Üniversite tercihlerinde nelere dikkat etmeli?
Politikyol
Üniversite tercih dönemi hem öğrenciler hem de aileler için oldukça önemli ve zorlu bir süreç. Teknolojinin pek çok mesleği gereksiz hale getirdiği, bazı meslekleri de kısmen ya da tamamen değiştirdiği bir çağda, tercihler öncesinde gelecek öngörüsüne sahip olmak oldukça önemli hale geldi. Sanayi Devrimi sonrasında yaşanan en keskin geçiş olan İnternet ve Teknoloji Devrimi (popüler tabiriyle Endüstri 4.0 devrimi) neler getiriyor, hangi meslekleri ve becerileri parlatıyor? Belirsizliklerle dolu bir dönemde, gelecek projeksiyonunda seçimlerimizi hangi kriterlere dayandırmalıyız? Elbette üniversite tercihi gibi son derece önemli bir konuda dikkate alınması gereken pek çok kriter var. Bu yazıda bu kriterlerin birkaçını, teknoloji ve geleceğin dünyasının getirdikleri bağlamında ele almak istiyorum.
YOK OLACAK VE YÜKSEK TALEP GÖRECEK MESLEKLER
Gençlerimizin üniversite tercihlerinde ve meslek seçimlerinde dünyadaki değişimleri ve özellikle teknolojinin getirdiği dönüşümü mutlaka dikkate almaları gerekiyor. Pandemi döneminde hızlanan yapay zeka temelli sağlık hizmetlerinden, drone’larla yapılan kargo teslimatlarına, blokzincir tabanlı gıda güvenliği takip sistemlerinden, kişisel verilerimizin korunması için geliştirilen siber güvenlik altyapılarına kadar teknoloji, hem bireylerin hayatlarını hem de şirketlerin iş yapma biçimlerini tümüyle değiştirdi ve değiştirmeye devam ediyor. Bu dönüşümün etkisiyle geleneksel meslekler ya yok oluyor, ya da şekil değiştiriyor. Bu nedenle düşüşte değil, çıkışta olan meslekleri seçmek, bu yönde eğitim almak gerekiyor. İş tanımının büyük bir kısmını rutin işlerin, otomasyon ya da algoritmalara devredilebilecek görevlerin oluşturduğu meslekler ortadan kalkmaya en yakın olanlar. Üretimde robotlara devredilebilecek tüm süreçler, dökümantasyona dayalı sekreterya ve muhasebecilik işleri, veri kaydetme ve taramaya ilişkin her türlü iş ve hizmet sektöründe makineler ve algoritmalar tarafından gerçekleştirilebilecek tüm hizmetler oldukça kısa bir süre sonra ortadan kalkmış olacak. 2025 yılında, makinelerle insanların kurumlar içindeki rollerinin %50 - %50 olarak eşitleneceği öngörülüyor. Bu rakamlara bakarak WEF, makineleşme nedeni ile 85 milyon iş kaybı yaşanırken, 97 milyon yeni işin ortaya çıkacağı tahmininde bulunuyor.

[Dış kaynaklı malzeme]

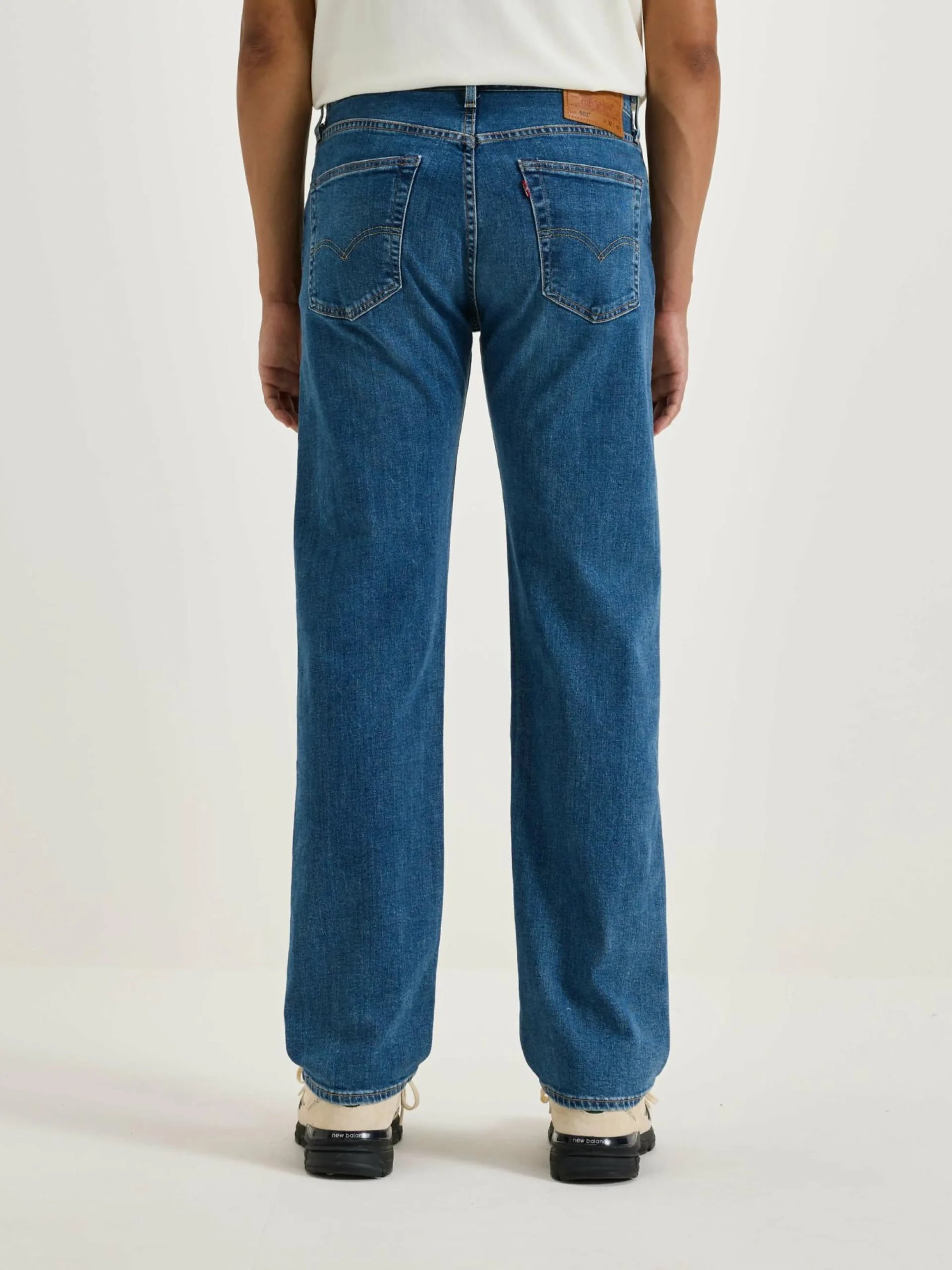 De Levis® 501™ Original denim jeans met geweldige stretch in Medium Indigo Stonewash Blue heeft een klassieke pasvorm met rechte pijpen.

Örneğin veri analisti, yapay zeka ve makine öğrenmesi uzmanı, büyük veri uzmanı, dijital pazarlama uzmanı, yazılım ve uygulama geliştiricileri ve veri güvenliği uzmanları, teknolojik dönüşüm nedeniyle ortaya çıkan ve giderek daha fazla talep görecek olan mesleklerden. Görüldüğü üzere bu mesleklerin birçoğu şu anda üniversitelerde doğrudan eğitimi verilen alanlar değil. Günümüzün en önemli sorunlarından biri de bu: Teknoloji, insanların ve kurumların adapte olabileceklerinden çok daha büyük bir hızla ilerliyor. Eğitim kurumları da bu yeni dünyaya ayak uydurmak üzere kendilerini dönüştürmeye gayret ediyorlar. Bu koşullar altında bahsi geçen mesleklerle ilişkili bölümlerde eğitim alıp, destekleyici eğitimler alarak söz konusu alanlarda uzmanlaşmak en mantıklı seçenek. Üniversite tercihlerinde, doğrudan yeni bölümler kurulması yoluyla değilse bile, ilgili dersleri müfredata eklemek suretiyle dönemin ihtiyaçlarına ayak uydurabilen üniversitelerin seçilmesi büyük önem arz ediyor.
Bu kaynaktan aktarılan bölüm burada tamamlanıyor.